What you will do:
Leave out the pictures and reproduce all of the data exactly.

Given material:
---*---
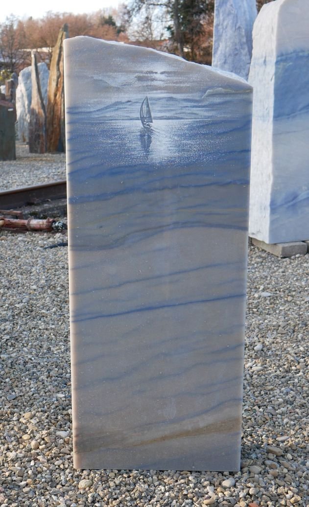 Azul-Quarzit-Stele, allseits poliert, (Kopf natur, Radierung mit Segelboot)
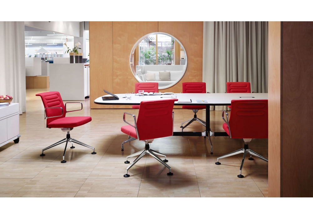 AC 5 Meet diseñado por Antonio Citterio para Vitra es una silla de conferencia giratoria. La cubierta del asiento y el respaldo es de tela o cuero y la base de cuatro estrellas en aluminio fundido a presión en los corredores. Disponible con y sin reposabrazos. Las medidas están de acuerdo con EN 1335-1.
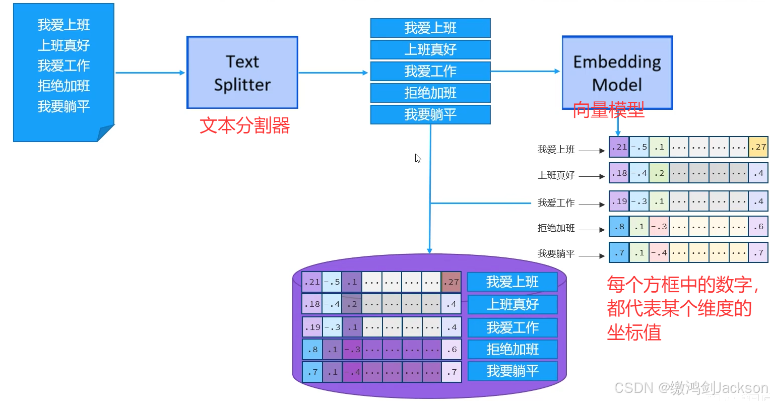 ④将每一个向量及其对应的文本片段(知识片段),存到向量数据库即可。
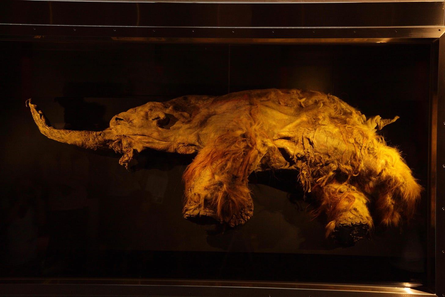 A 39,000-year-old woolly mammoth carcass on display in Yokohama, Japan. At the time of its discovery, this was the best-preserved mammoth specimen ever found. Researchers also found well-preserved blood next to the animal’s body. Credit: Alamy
---*---
Written reply:
 Azul-Quarzit-Stele, allseits poliert, (Kopf natur, Radierung mit Segelboot)
 AC 5 Meet diseñado por Antonio Citterio para Vitra es una silla de conferencia giratoria. La cubierta del asiento y el respaldo es de tela o cuero y la base de cuatro estrellas en aluminio fundido a presión en los corredores. Disponible con y sin reposabrazos. Las medidas están de acuerdo con EN 1335-1.
 ④将每一个向量及其对应的文本片段(知识片段),存到向量数据库即可。
 A 39,000-year-old woolly mammoth carcass on display in Yokohama, Japan. At the time of its discovery, this was the best-preserved mammoth specimen ever found. Researchers also found well-preserved blood next to the animal’s body. Credit: Alamy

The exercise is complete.